We've started a SOAP weblog. I hope this will become a place where developers help each other getting SOAP deployed on as many platforms and in as many environments as possible.

What about XML-RPC? It's still the most widely deployed and simplest XML-over-HTTP protocol.

What's next? There will be a lively discussion about this stuff, for sure, at WWW9 in Amsterdam, next month.

Mid-day news

John Dvorak: The Coming Depression.

News.Com: "RealNetworks is using portions of Mozilla.org's open-source browser code in a private-label version of its media player and server created for Web broadcaster Global Media. This version lets RealNetworks' system stream and display Web elements including HTML and Macromedia Flash animation files."

PC Week: The basic failure of XML is its premise. "The automakers chose to bypass BizTalk and OASIS to develop proprietary (but published) schemata. Every big organization will do the same, and though some of their XML work may feed back up to OASIS or BizTalk, every one wants standards for their cliques only."

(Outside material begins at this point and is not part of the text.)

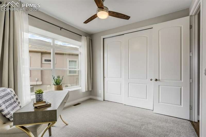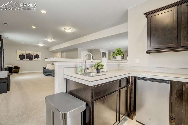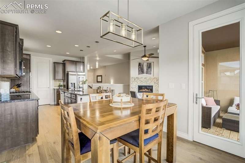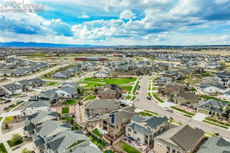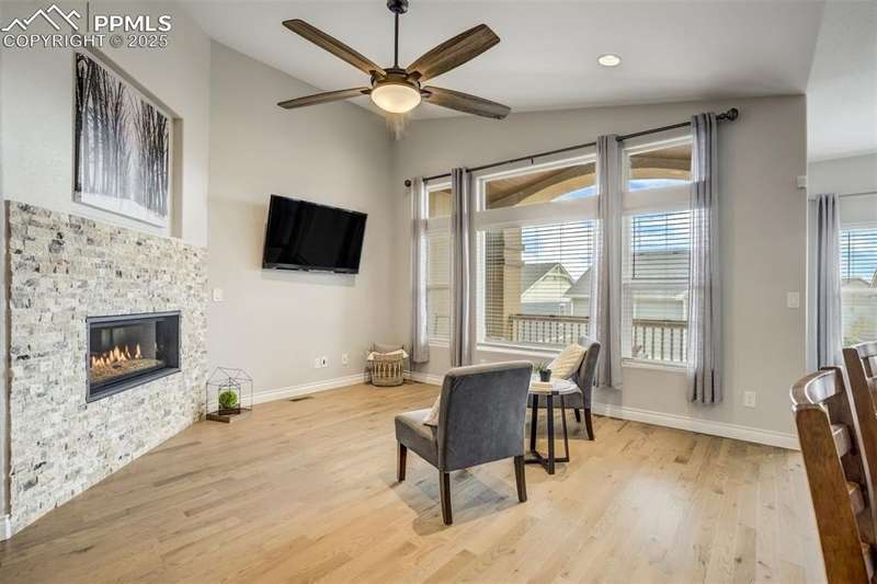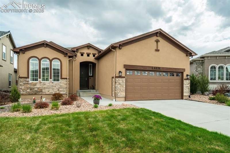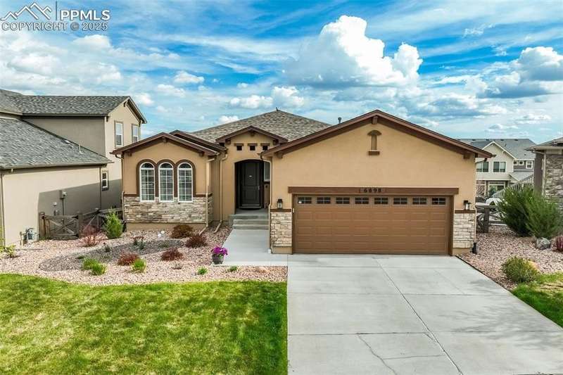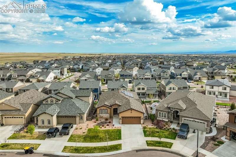 Discover the ideal combination of lifestyle and livability in this gorgeous home! Banning Lewis Ranch in Colorado Springs provides amazing amenities right in your community! This beautiful home is in immaculate condition and ready for you to move in! Picturesque windows illuminate the space with abundant natural light. Enjoy main level living with a spacious primary suite and 2 additional bedrooms and bath. An open floor plan with beautiful hardwood floors invites easy entertaining. The gourmet kitchen offers abundant cabinet and counters, gorgeous backsplash, and an oversized island with counter seating. The eat-in nook opens directly to a covered patio, ideal for grilling! A cozy fireplace with stone completes the family room perfectly! The newly completed walk-out basement with 9" ceilings provides a wonderful second living space! Enjoy a wet bar along with plenty of versatile space with above ground windows! Two additional bedrooms and bathroom, complete the space! Step into the covered back patio and notice the raised planter beds; the water feature provides a beautiful and peaceful focal point to enjoy! The solar panels are owned so you can enjoy the numerous benefits they provide!**Sellers have installed trees to help provide some privacy between neighbors Banning Lewis Ranch is known for outdoor enjoyment, community activities like concerts and farmers markets with food trucks and local vendors. There are courts for pickleball, tennis, and basketball and rec center/fitness center, pools, a splash water park, scenic walking trails, dog parks, and much more. Additionally, Banning Lewis Ranch Academy is sought after for academic excellence! The lifestyle is ideal and it also offers easy access to military installations too: 20 min Peterson SFB 30 min to Downtown Colorado Springs, COS Airport & AF Academy 40 min Schriever SFB & Fort Carson 75 min to Denver International Airport & Downtown Denver

Marc Canter: "MediaBar was a venue-based technology platform that utilized a Mac front-end written in Lingo and Director with a Sun-based Informix back end." Classic Marquis Decanter bluster, a couple of years old. We should all be able to listen to our own two-year-old bluster. Heeks.

Early Morning Edition

Jake Savin is working on DHTML Menus. The goal for this project is to replace Manila's Editors Only menu (which is flat) with a menu bar that has depth. This will allow us to add more features to Manila without overwhelming the editor with commands at the top of the screen. We want to make the menus emulate what desktop users have become accustomed to. We asked the browser vendors (MS and NS) to support this directly in the browser. Only got a response from Brad Pettit, who said to do it in DHTML. OK, we're trying. Anyway, since we're going to share the code on this, I asked Jake to open the project so everyone could see what we're doing and perhaps help. Please be kind, Jake is the newest member of our team.

Joel Spolsky: "Hotel bathtubs have big grab bars to help disabled people, but everybody uses them to get out of the bathtub. They make life easier even for the physically fit."

Dan Gillmor had dinner with Steve Ballmer. Gillmor paraphrasing Ballmer. "Simply put, we -- the technology users of the world -- need Microsoft, because it takes a company of this size and talent and direction to solve some kinds of problems and invent some kinds of products." Hmmm. I was just thinking the opposite. Microsoft gets concerned that Marc Andreessen is going to eat their lunch. They charge into Web browsers, pretty much ignoring the developers. They win. Stagnation.

Gordon Eubanks: "Microsoft has never been weaker in recent years. The future is Web-based computing and that is not where Microsoft's core competence is."

Zeldman: "Getting over a two-day DSL blackout is like recovering from a cold. The instant you feel better, you're running hatless in the rain, choking on Chesterfields, and partying 'til all hours. We spent at least eight hours yesterday putting out fires instead of getting work done." Same here!

Grant Rauscher, an engineer at Broadband Mechanics, responds to Brian Behlendorf.

On some days, like today, the story is finished at 7AM. Look at how it flows. We work around the brain-dead browsers; Joel, a former Microsoft employee says that we have to design for users who don't care (true); Dan Gillmor quotes Steve Ballmer pleading for his right to dominate us; Gordon Eubanks says it doesn't matter because the Web isn't in their blood; Zeldman and Rauscher, true web developers, ground us in the reality of our day (open source people are equally clueless, and you can't buy a decent net connection).

It's all a matter of point of view. Awakening happens when we consider the validity of other povs.

An email to Tim O'Reilly, cc'd to lots of other people. "Guys, to me this is the thrill of the Web. On a personal level, this is the jumping out of the plane with no parachute feeling. You can see your reflection in someone else's mind. Of course no one likes this. Why? Ask me in a year, I'll tell you."

Simple Gifts: "Til by turning, turning, we come round right."



     

Last update: Wednesday, April 26, 2000 at 10:07 PM Eastern.